Harold Brown then raised the possibility of having a limit on heavy bombers (independent of whether they had cruise missiles) and heavy missiles (independent of whether they were MIRVed). He indicated that possibility of having a limit of 250 on such an aggregate under which the Soviets would have to throw away heavy missiles or heavy bombers. There was a general feeling that we would probably have to make such a limit higher than 250 in order to make it palatable to the Soviets. In the context, Dr. Brzezinski suggested that we might simply have a limit of 308 so that they could keep all of their heavy missiles if they got rid of their 140 heavy bombers. It was finally decided that the Working Group should do an options paper on the ALCM and MLBM issues.

Paul Warnke interjected the thought that we should not lose sight in these deliberations of the content of the SALT TWO agreement which is currently taking shape. He argued that this agreement really was useful to us in getting a handle on Soviet systems without getting into the FBS issue.

The group then discussed the issue of the definition of new types of ICBMs in the context of the proposed ban on testing such ICBMs for the period of the Protocol. It was decided to propose a definition to the Soviets which was highly restrictive—new types of ICBMs would be defined as any ICBM which has a new booster, variations in its payload (e.g., increased numbers of RVs), changes in guidance systems, etc.

With respect to the ban on deployment of mobile ICBMs for the period of the Protocol, it was agreed to go ahead with the tabling of language on this issue. Secretary Brown raised the question of how we were going to deal with the SS–16. It was decided to continue to propose a ban on the development testing, deployment and production of the SS–16 but to avoid coupling this to the mobile ICBM issue.

On the reductions issue it was decided to proceed to propose those limits which we had initially proposed in Geneva in May, i.e., 2160 on the aggregate and 1200 on the MIRV level.

[Page 739]

The discussion then turned to the issue of the principles for SALT THREE. This discussion focused on whether we wanted to broaden the list of principles beyond those which had been presented to Gromyko in May. David Aaron argued that we might want to try and deal with such issues as bomber pre-launch survivability in SALT THREE, e.g., by a ban on testing SLBMs on depressed trajectories. The issue of SSBN standoff to enhance bomber survivability was also discussed. The issue was also raised of whether the principles should be very general, e.g., simply refer to reduction in SALT THREE, or be quite specific, e.g., refer to reductions to a specific level or not to exceed a specific level. The Working Group was tasked with doing further analysis on these issues in anticipation of further discussion at a later SCC meeting.

It was decided not to make any proposal to the Soviets on the cruise missile definition issue (i.e., armed versus nuclear-armed) or the issue of the definition of cruise missile range pending further progress on the overall cruise missile issue.

On the issue of deliberate concealment, i.e., telemetry encryption, it was decided to push for a ban on all forms of telemetry denial, i.e., encryption, encapsulation, etc.
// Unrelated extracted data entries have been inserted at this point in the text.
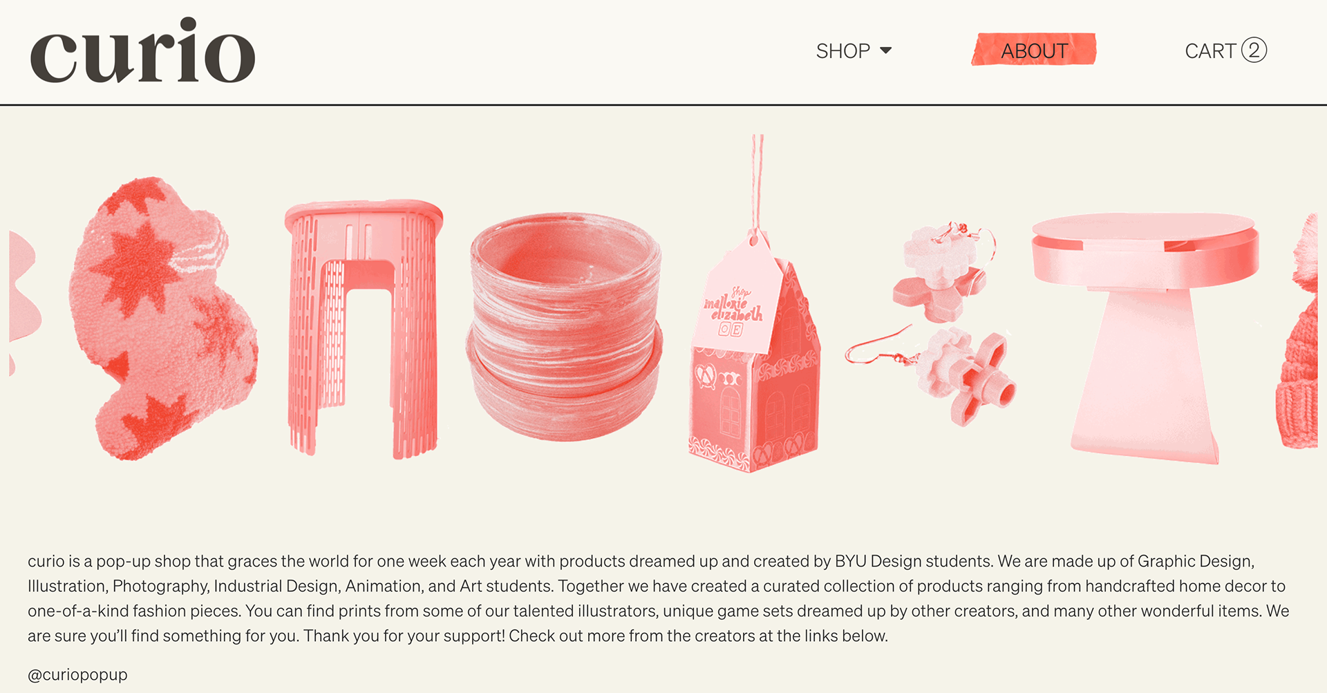 Curio is a collection of objects, dreamed up and handcrafted by the BYU Design Department Students. I had the opportunity to help out with branding, web and merch design, and also manage the Instagram account.
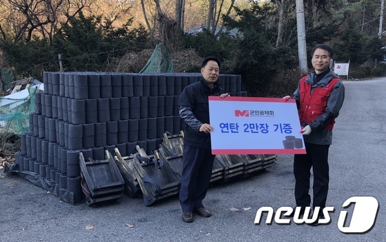| 허기복 연탄은행 대표가 군인공제회로부터 연탄 2만장을 기증받고 있다. 2018.12.23/뉴스1 © News1 |
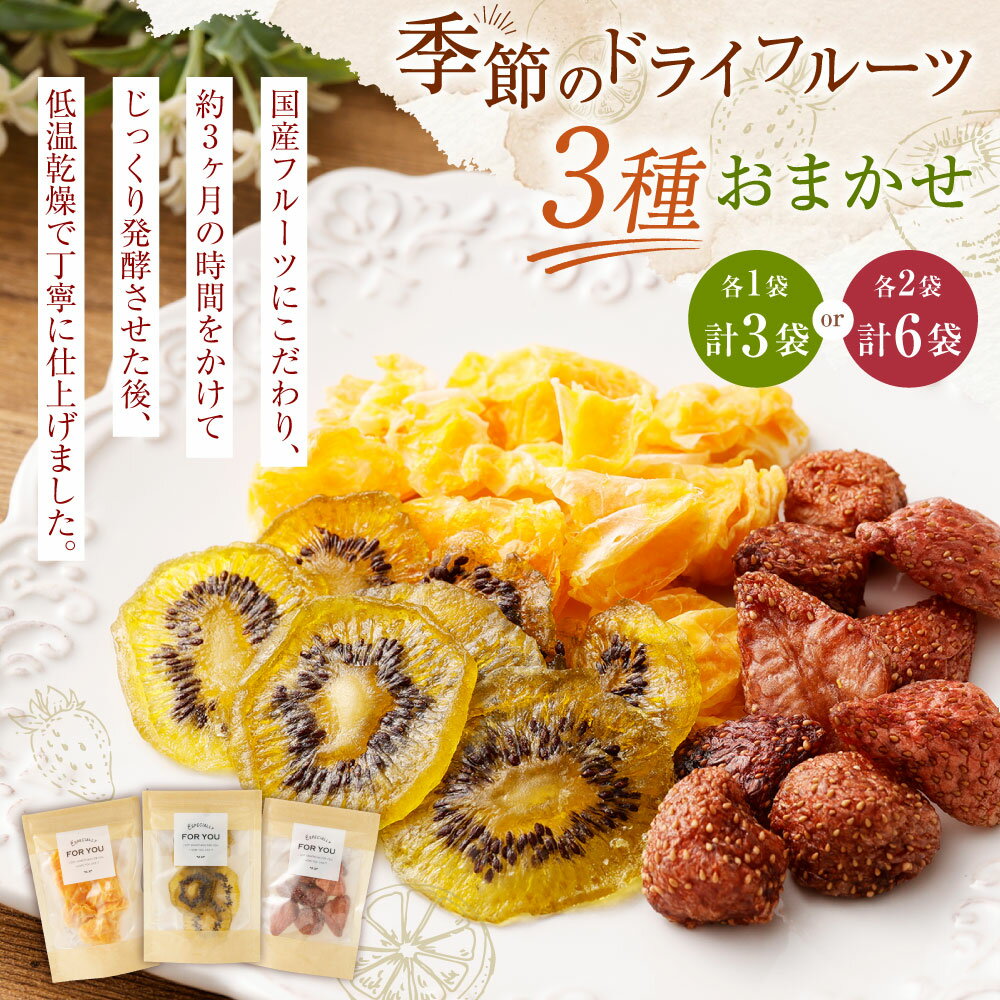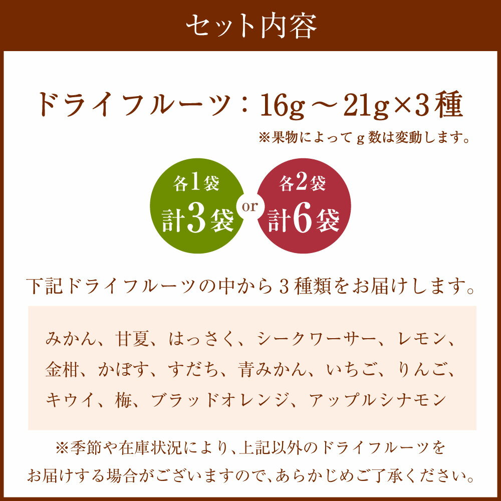 - 【ふるさと納税】【選べる容量】【NATUFULL】季節のドライフルーツ 3種おまかせセット 各1袋 各2袋 16g~21g×3種 フルーツ 果物 おやつ お菓子 柑橘 みかん 甘夏 はっさく いちご キウイ 梅 アップルシナモン りんご オレンジ 発酵 国産 冷蔵 静岡県 菊川市 送料無料
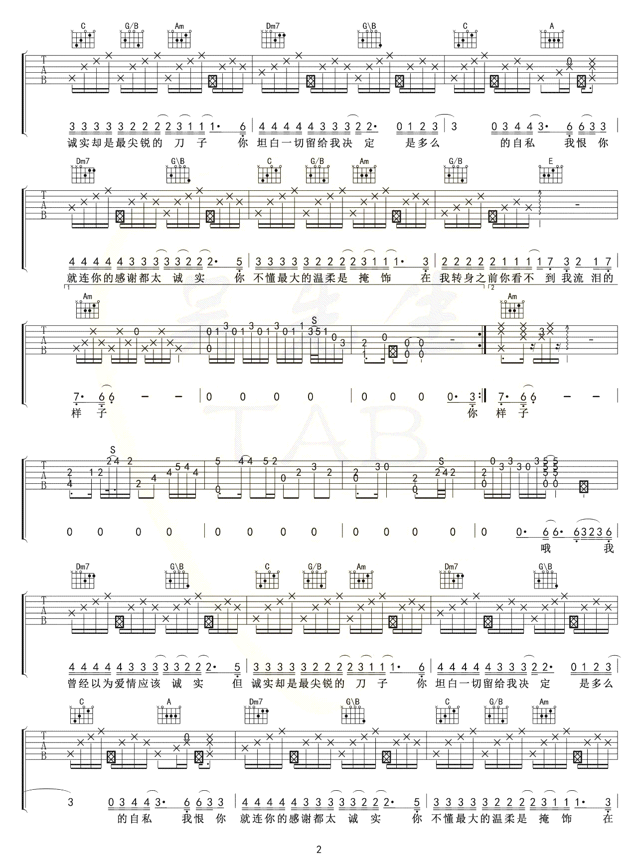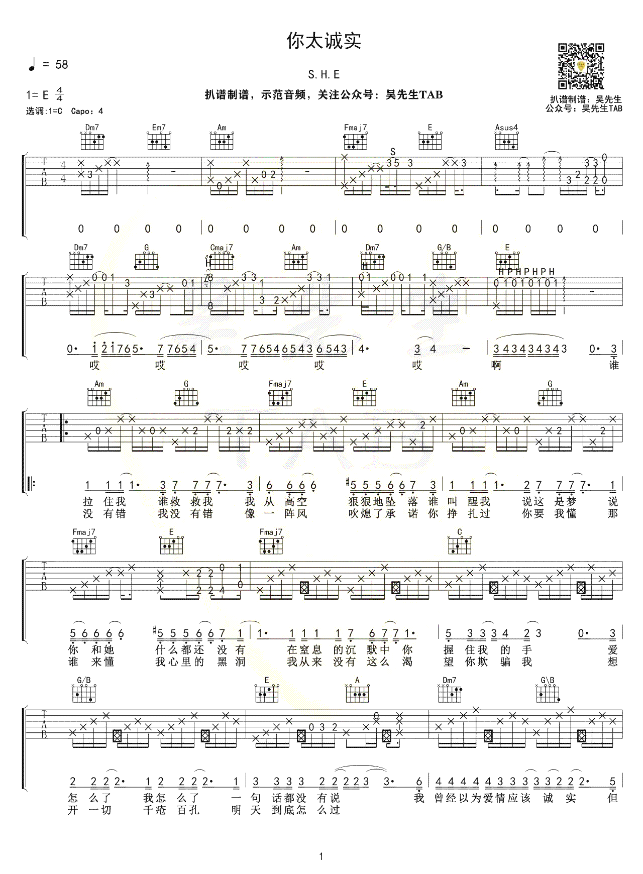 - 你太诚实吉他谱_SHE_C调指法_弹唱六线谱
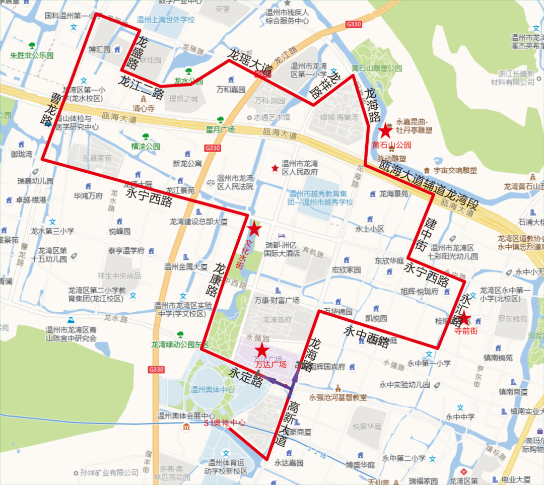 1线:S1奥体中心首末站始发,沿途设S1奥体中心、万达广场东、万华锦园、黄石山公园、海棠湾东、龙湾区一小、万和嘉园、宏周桥、龙水一小、东林、万鸿嘉园、龙江景苑、万达广场南、S1奥体中心,至S1奥体中心首末站(环线)。
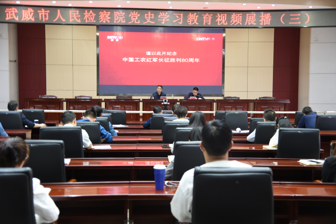 为深入贯彻落实习近平新时代中国特色社会主义思想和党的十九大精神,大力弘扬中国共产党的光荣传统,进一步激励全体检察干警的理想信念、历史责任感和荣誉感,5月8日下午,武威市院组织干警观看记录片《长征》。
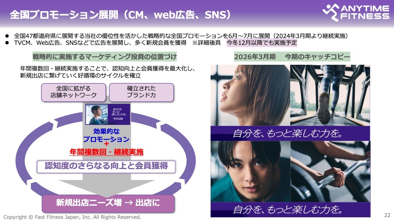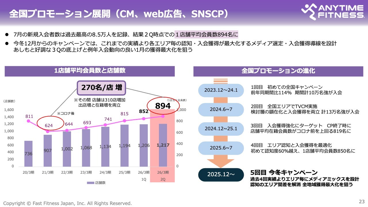 2025年12月以降は、さらなる認知度拡大とブランド強化を目的とした次期フェーズのプロモーションへ移行する計画です。これらの組み合わせにより、1店舗当たりの会員さまの増加を継続的に支え、長期的な成長基盤をさらに強化していきたいと考えています。

However, Admiral Turner reserved judgment on whether we should put this proposal to the Soviets at this time.

On the issue of the 120 ambiguous SS–19-type launchers at Derazhnya and Pervomaysk, it was decided to continue to hold back on making any concessions on these launchers.

Secretary Brown then raised the issue of the concealment practices (camouflage netting) at Tyuratam and how this was going to be raised with the Soviets. Dr. Brzezinski noted that in spite of the disagreement on whether this concealment was a SALT ONE issue, there appeared to be agreement on what to do, i.e., to raise the issue in both the SALT ONE and SALT TWO contexts.

  1. Source: Department of State, RG 59, Files of Secretary of State Vance, 1977–1980, Lot File 84D241, Vance NODIS Memcons, 1977. Top Secret; Sensitive. The meeting took place in the White House Situation Room. Brzezinski sent this Summary of Conclusions to Vance under cover of a memorandum dated July 11. (Ibid.)